# [EXTRACTED INFORMATION]
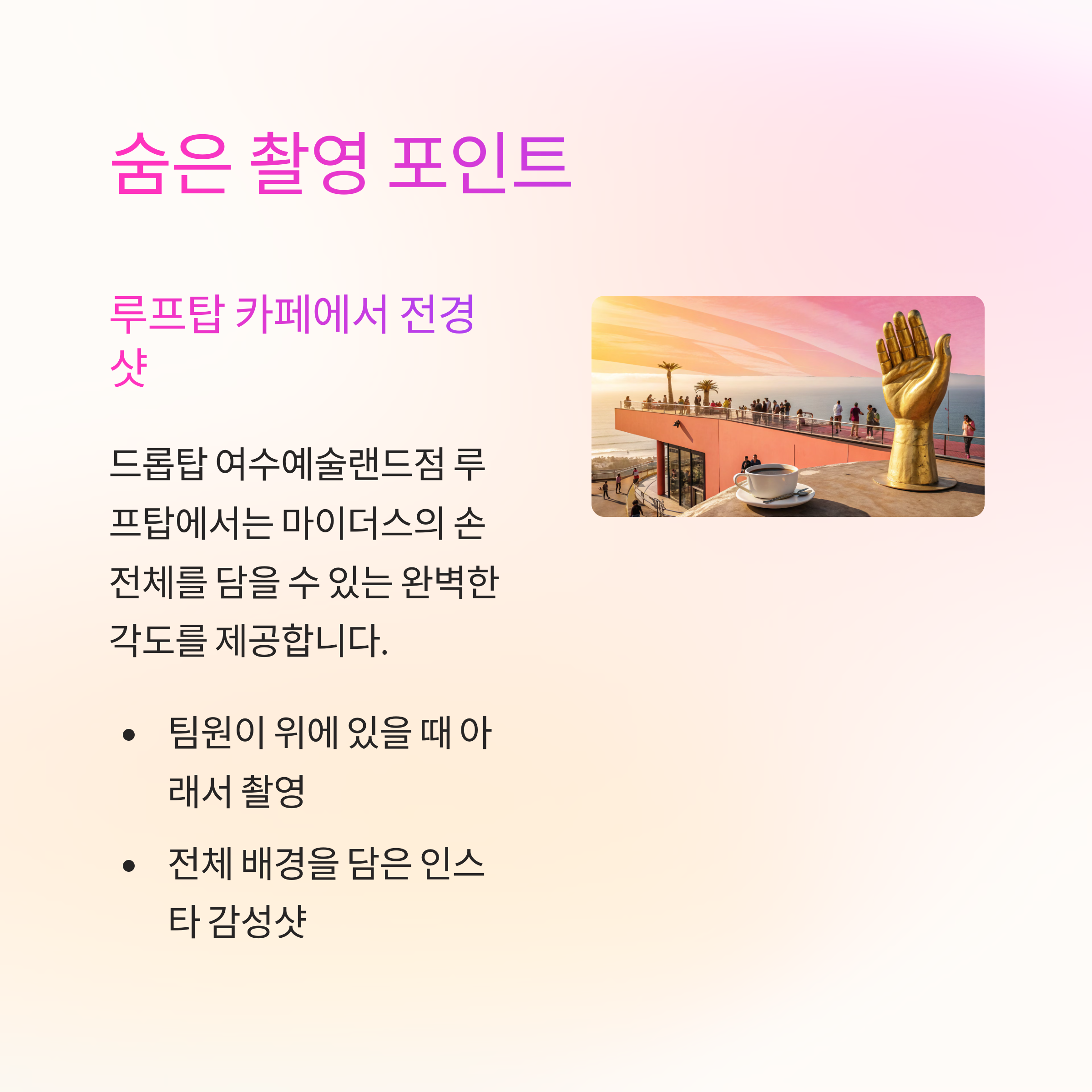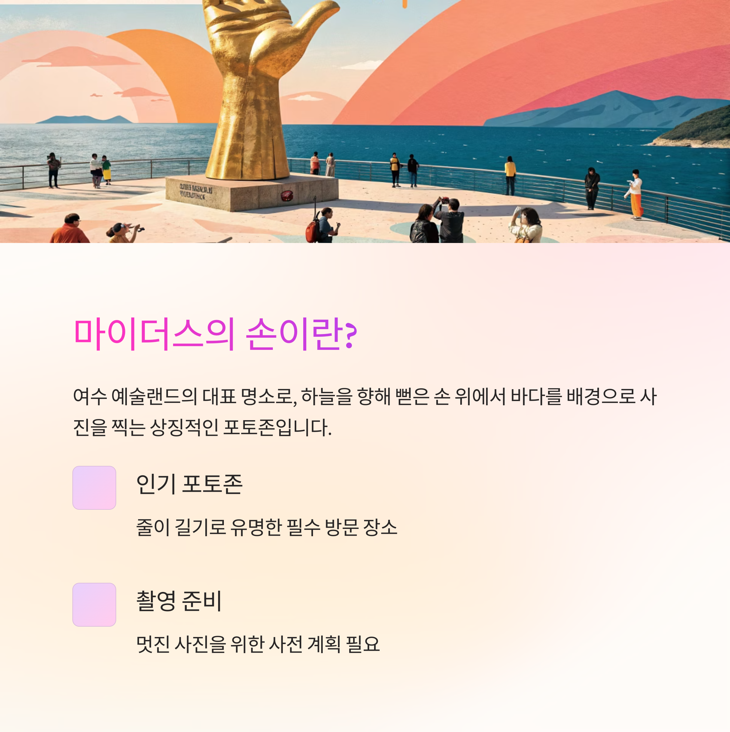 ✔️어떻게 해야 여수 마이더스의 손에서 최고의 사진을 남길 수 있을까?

---

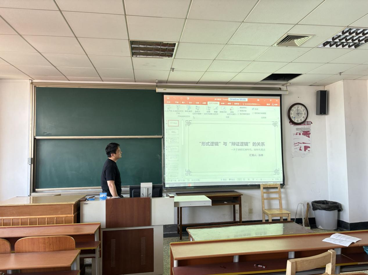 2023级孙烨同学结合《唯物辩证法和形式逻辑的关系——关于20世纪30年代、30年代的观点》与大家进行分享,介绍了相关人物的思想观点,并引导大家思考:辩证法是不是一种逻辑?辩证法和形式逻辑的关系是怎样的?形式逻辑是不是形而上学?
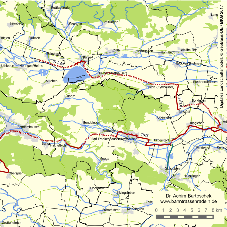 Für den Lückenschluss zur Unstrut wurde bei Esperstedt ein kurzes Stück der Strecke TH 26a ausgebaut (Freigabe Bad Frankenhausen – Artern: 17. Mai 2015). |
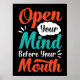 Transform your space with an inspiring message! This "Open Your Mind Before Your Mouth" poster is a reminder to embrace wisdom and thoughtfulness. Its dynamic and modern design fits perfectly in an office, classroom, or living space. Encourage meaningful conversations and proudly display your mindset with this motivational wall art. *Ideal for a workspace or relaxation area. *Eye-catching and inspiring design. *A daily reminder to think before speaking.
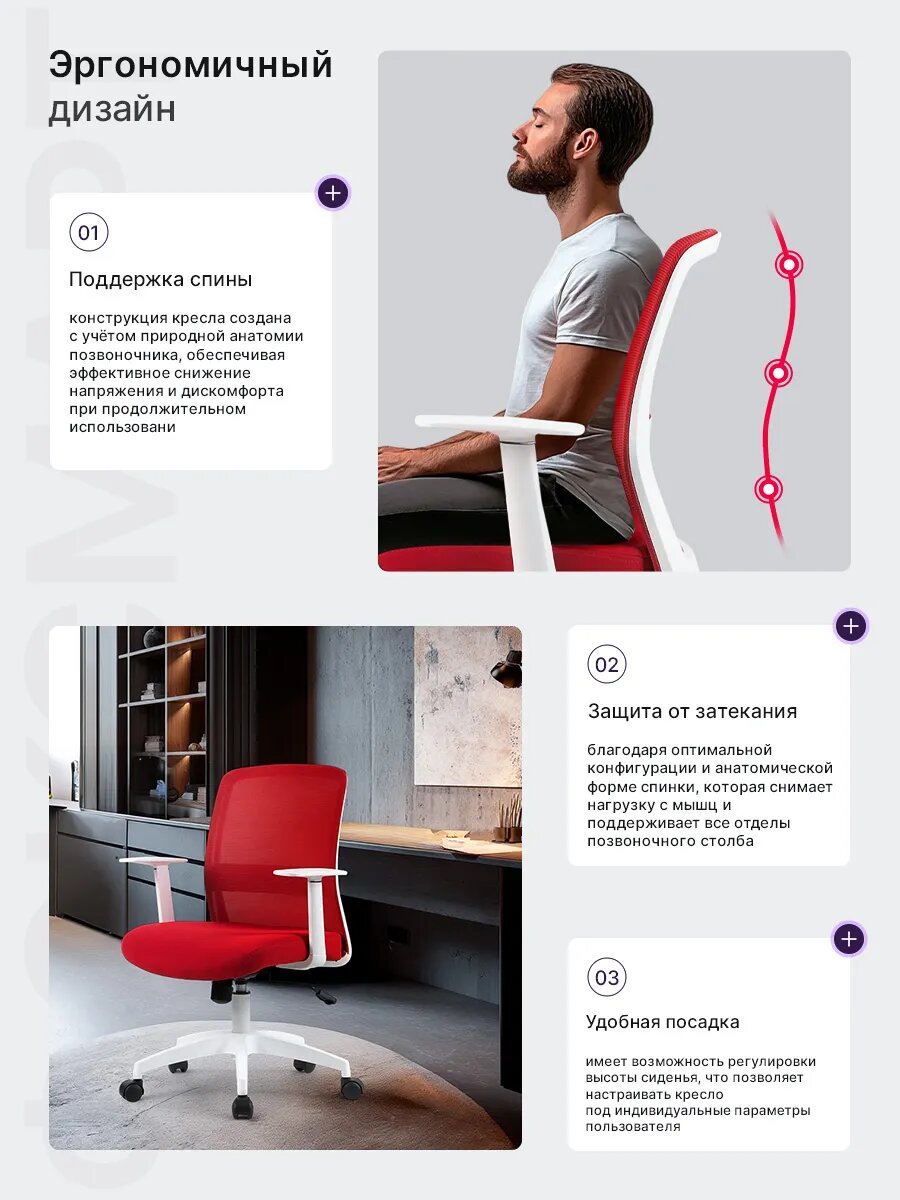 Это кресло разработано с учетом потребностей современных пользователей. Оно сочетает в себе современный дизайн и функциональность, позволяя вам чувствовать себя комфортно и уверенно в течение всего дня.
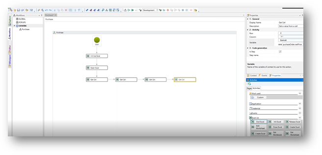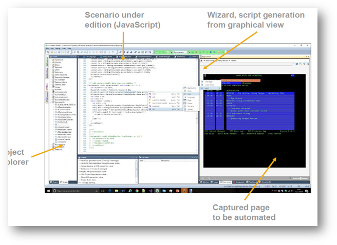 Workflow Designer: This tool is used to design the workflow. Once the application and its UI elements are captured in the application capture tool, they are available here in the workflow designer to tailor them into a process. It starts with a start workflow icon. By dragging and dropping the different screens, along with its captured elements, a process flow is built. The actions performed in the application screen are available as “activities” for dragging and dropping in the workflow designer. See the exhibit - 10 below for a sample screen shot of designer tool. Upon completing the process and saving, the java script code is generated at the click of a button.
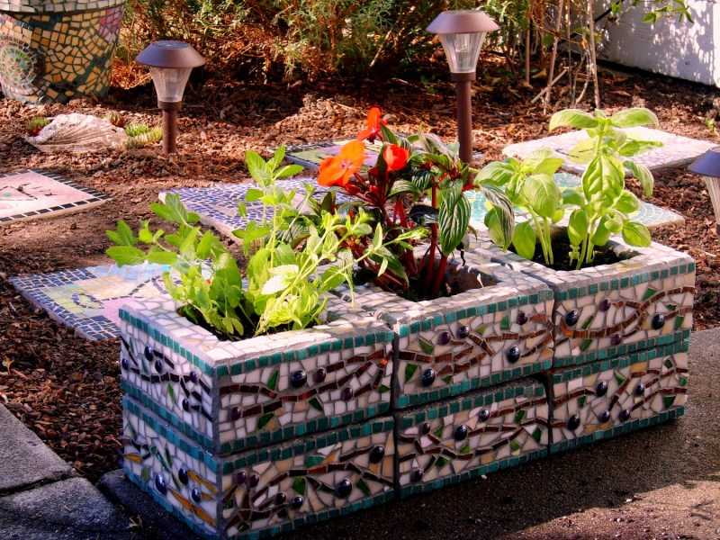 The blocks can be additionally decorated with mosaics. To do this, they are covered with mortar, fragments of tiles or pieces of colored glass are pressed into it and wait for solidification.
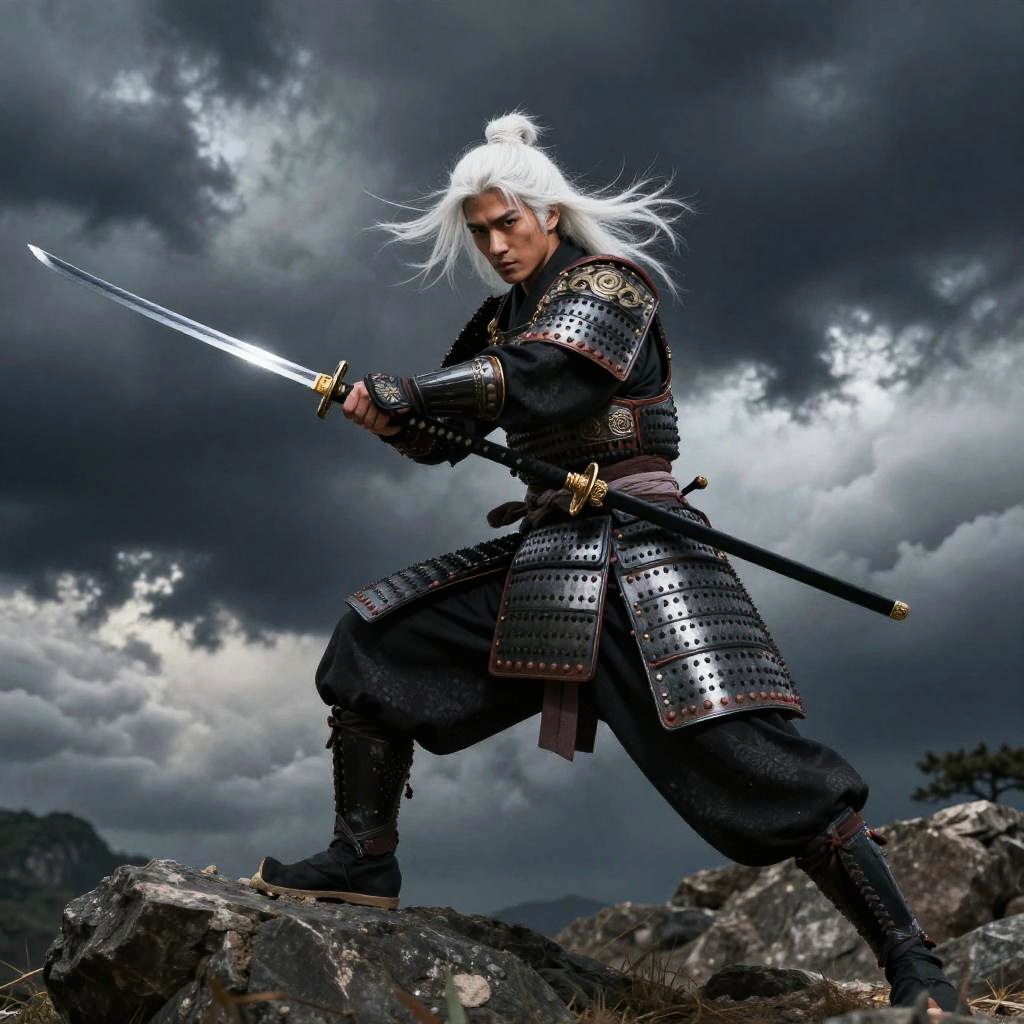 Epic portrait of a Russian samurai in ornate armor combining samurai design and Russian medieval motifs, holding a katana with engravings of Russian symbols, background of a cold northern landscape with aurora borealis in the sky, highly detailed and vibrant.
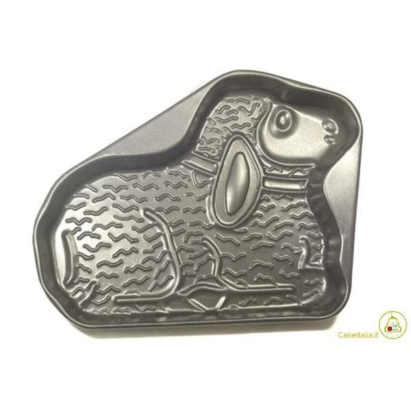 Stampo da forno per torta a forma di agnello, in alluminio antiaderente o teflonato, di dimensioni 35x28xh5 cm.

# [WHAT IS BEING ASKED]
In the listing above, find the line containing "Transform your space" and the line containing "Это кресло разработано", then write out both of them and every line between, exactly, with no pictures.

# [WRITTEN ANSWER]
 Transform your space with an inspiring message! This "Open Your Mind Before Your Mouth" poster is a reminder to embrace wisdom and thoughtfulness. Its dynamic and modern design fits perfectly in an office, classroom, or living space. Encourage meaningful conversations and proudly display your mindset with this motivational wall art. *Ideal for a workspace or relaxation area. *Eye-catching and inspiring design. *A daily reminder to think before speaking.
 Это кресло разработано с учетом потребностей современных пользователей. Оно сочетает в себе современный дизайн и функциональность, позволяя вам чувствовать себя комфортно и уверенно в течение всего дня.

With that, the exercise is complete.